I really like that... but it's still a bit more that I'd like to pay for a shirt.

Any ideas on cheaper versions?


----------



## singinmys0ng (Mar 24, 2005)

maybe gap or old navy has something like that?


----------



## martygreene (Mar 25, 2005)

I've looked around, and haven't found anything similar. It's the neckline that I really like.


----------



## charms23 (Mar 25, 2005)

If it's the neckline that you're really looking for, I think you will have a pretty hard time finding a similar shirt since the design is unique...

However, I found the same shirt at a different website. It's just a teeny tiny bit cheaper.

http://www.okto.com/mall1/product_in...cts_id=1115129


----------



## martygreene (Mar 25, 2005)

what did you use as your search string to find that? Alas, that one is too small for me... drat.


----------



## Jessica (Mar 25, 2005)

OK, so I took a look at the link last night and it began a 3 hour tour of overstock, nordies, and neiman marcus.  
I would suggest Gap and if you have an outlet near you that may be a great resource.


----------



## martygreene (Mar 25, 2005)

heh, jessica, I've been doing the same thing.

I've checked GAP online, and nothing they have has that neckline... is the stock in stores much differant from online? I don't have any outlet stores near me, just normal retail shoppes.


----------



## Jessica (Mar 25, 2005)

No, the online store is the most comprehensive collection of current GAP items.  There are only a handful of GAP stores that carry all of the online items, I think that they call them GAP-Premium stores???
Hmmmm, banana republic? I dunno know....


----------



## martygreene (Mar 25, 2005)

I don't know either.

I'd try and convince a relative to get it for me as an early birthday gift (my birthday isn't far off either), but I highly doubt it'll happen.

poo.


----------



## martygreene (Apr 12, 2005)

well darn. I thought I could save up for this, thinking "I can save up fifty some dollars" hah! they've jacked it up to almost seventy now!


----------



## beautifulxdisaster (Apr 12, 2005)

wow, I love the neckline!! I am sorry i can not find any similar styles for cheaper.
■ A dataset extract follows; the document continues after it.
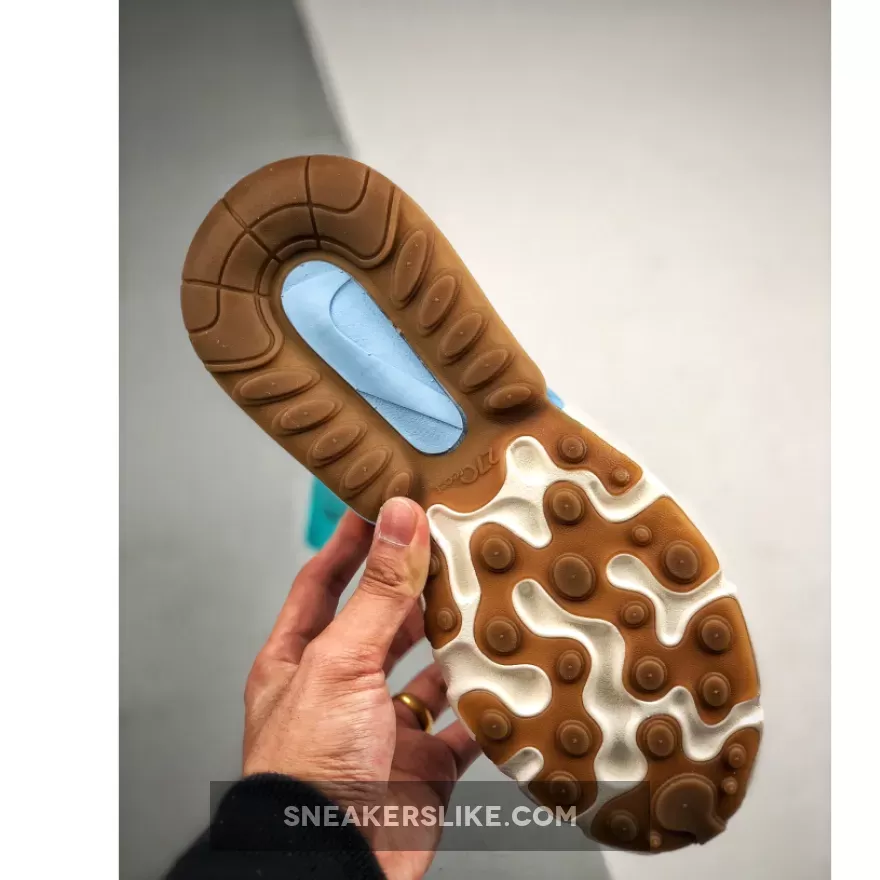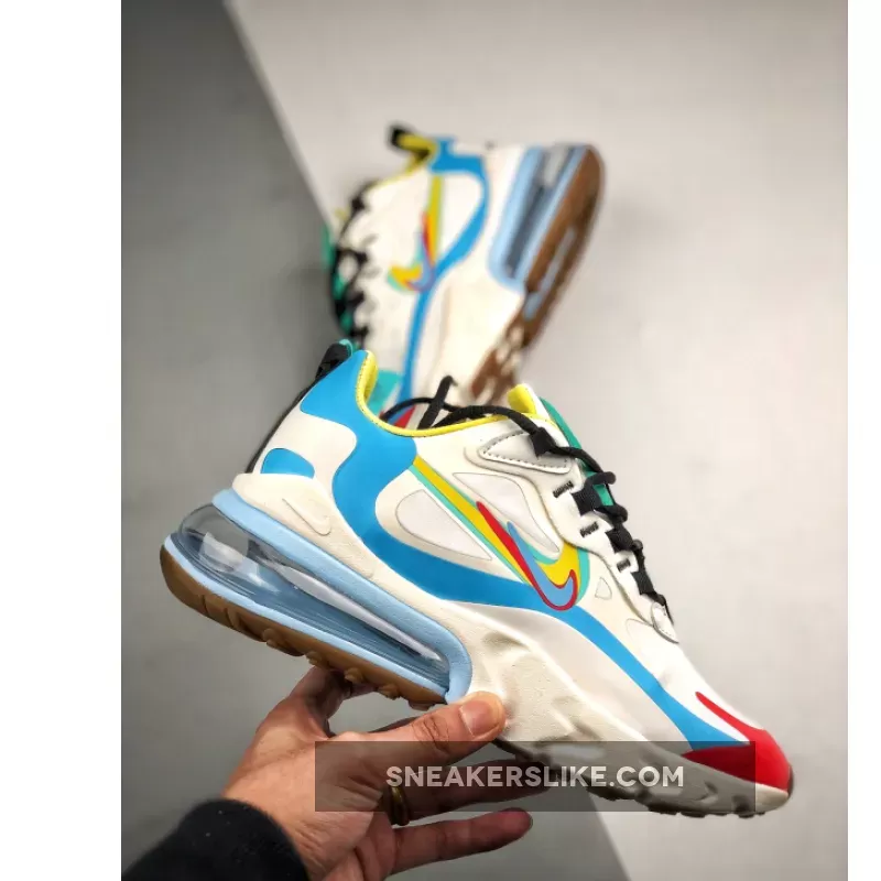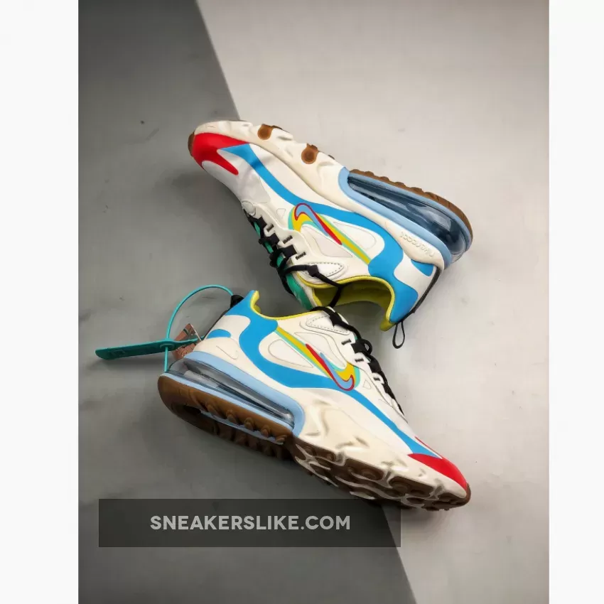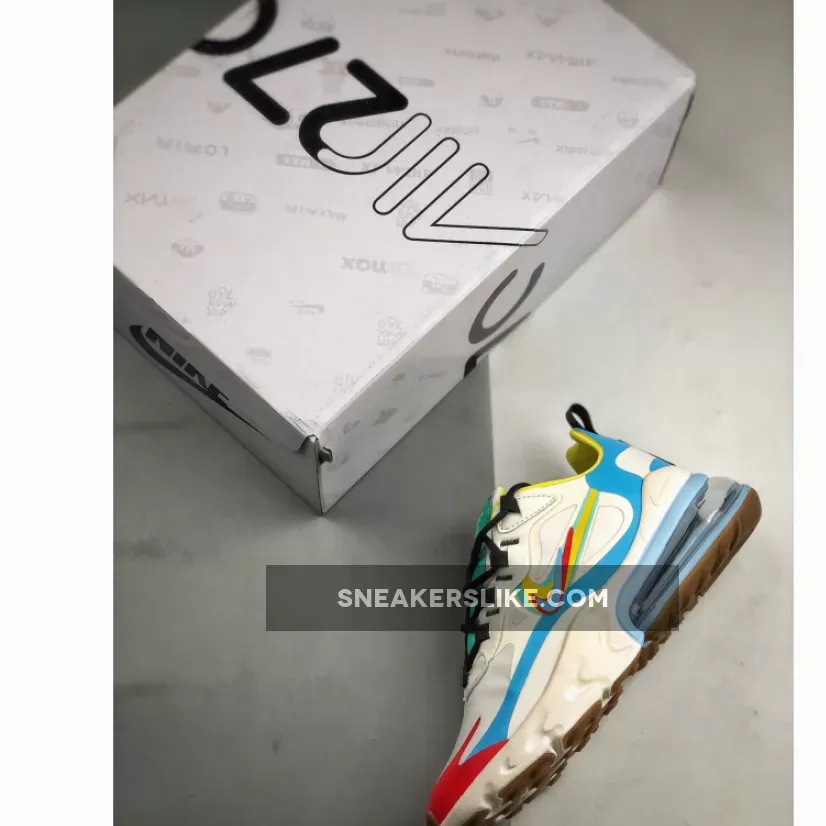 “I’m thoroughly impressed with my Nike Air Max 270 React ‘Brand Heritage’! 🤩 The cream-colored upper is so soft and comfortable, and I love the pop of color from the Blue and Red overlays 💛🔥. The React midsole provides great cushioning, and the gum rubber outsole gives me confidence on various terrain 👣. Overall, a solid 9/10 for this affordable yet high-quality shoe! 👍”

Maybe it will become popular and Forever 21 may carry it??? It is very lovely, though.


----------



## Neophyte (May 24, 2005)

That shirt is super pretty! I'd totally pay for that... Mexx has some nice shirts similar to that. But, it would be around the same price.


----------



## showdoll (May 29, 2005)

The cheapest way to get that shirt is to sew it; I made a similar one two weeks ago, 'cept mine is red


----------



## martygreene (May 30, 2005)

I ended up buying it. It is sometimes cheaper to sew your own, and I do make a lot of things myself being a costume designer and all, but the fabric and workmanship on this made it worth it- not to mention that I called overstock and complained that they'd raised the price on it, and so they gave me the origional price that I'd seen!


----------